They represent “very hard work” and “determination, a lot of determination” to stage the Games safely and successfully, the IOC’s sports director, Christophe Dubi, said at a news conference, and they are based on the latest scientific expertise as well as considerable experience with holding global sporting events during the pandemic. IOC President Thomas Bach said his confidence the Olympics can go ahead also is based on his admiration for the “great resilience and spirit” of the Japanese people…

The meticulous planning, meanwhile, has one potentially fatal flaw: Japan’s already overloaded health system can’t cope with the additional demands the Games will bring without putting more lives at risk, doctors and nurses say. The Olympics would involve more than 11,000 athletes plus tens of thousands of officials, coaches, media members and support staffers converging on Tokyo, which is closed to most foreign visitors.

“Most health workers say even thinking about the Olympics is just ridiculous,” said Kentaro Iwata, an infectious-disease expert and doctor at Kobe University Hospital, which is in a city in western Japan where 1,700 people with covid-19 need hospitalization but can’t get a bed.

“We are really fighting a life-and-death situation,” he said. “How the hell can you speak of a sports event gathering so many spectators, staff, volunteers, nurses and doctors? Who could enjoy the Games in this situation?”..

On April 23, just three months before the scheduled Opening Ceremonies, Japan’s government declared a third state of emergency for Tokyo and several other regions as it battles a surge in infections that is being supercharged by the rapid spread of coronavirus variants and shows no sign of abating.

Japan’s caseload is still a fraction of what many countries are experiencing, but the death toll has doubled in just three months and crossed 10,000 this week. The daily rate of new infections approached 6,000, the highest level in three months. On the day the Olympics were postponed, March 24, 2020, Japan recorded just 65 new infections…

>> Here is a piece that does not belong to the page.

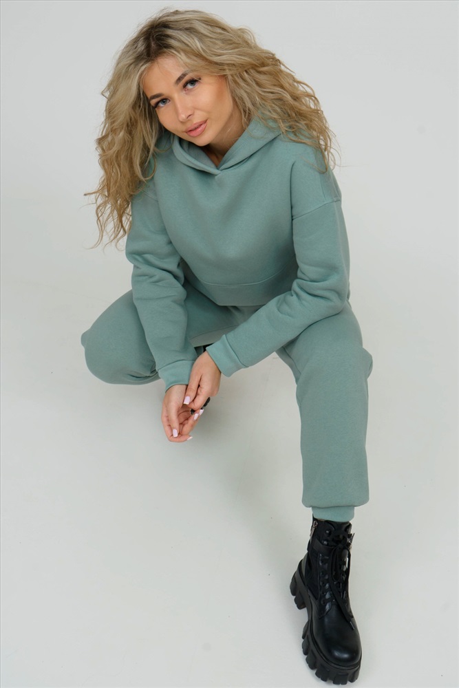Модная женская толстовка в стиле oversize выполнена из футера 3-х нитки с начёсом - это самый плотный и тёплый вид трикотажа. Данный вид футера имеет множество достоинств: натуральный состав, теплорегуляция, гипоаллергенность, прочность и формоустойчивость (при правильном уходе и стирке 30-40 С). На полочке толстовки имеется современный и удобный накладной карман. Манжеты выполнены из качественного кашкорсе. Линия плеча спущена. Длина рукава указана от точки основания шеи. При носке плотный начёс костюма приминается и может оставлять следы на одежде, образовывая катышки, это проходит после 1-2 стирки.

On Wednesday, health minister Norihisa Tamura warned Olympic organizers they would have to “secure their own” hospital beds for anyone falling ill at the Games, explaining the government would not release beds set aside for Japanese covid-19 patients…

Vaccines will not be mandatory, but most athletes and officials probably will be vaccinated. Yet within Japan, just 3.2 million vaccine doses have been delivered, the equivalent of two shots for just 1.3 percent of the population, reflecting a combination of the country’s slow efforts to develop its own vaccine or source one from others and skepticism among many citizens about foreign drugs.

The Games organizers have asked the Japanese Nursing Association for 500 nurses to help out during the 17-day event. On social media, nurses soon began tweeting under the hashtag “nurses opposed to being dispatched to the Olympics,” arguing they had to prioritize existing patients. The hashtag attracted nearly 200,000 retweets within days.

“We are not disposable pawns,” one nurse wrote on a placard that she held up in a tweet.

Others have taken to the streets, asking why IOC officials will get regular testing for the coronavirus while many health workers still can’t access tests.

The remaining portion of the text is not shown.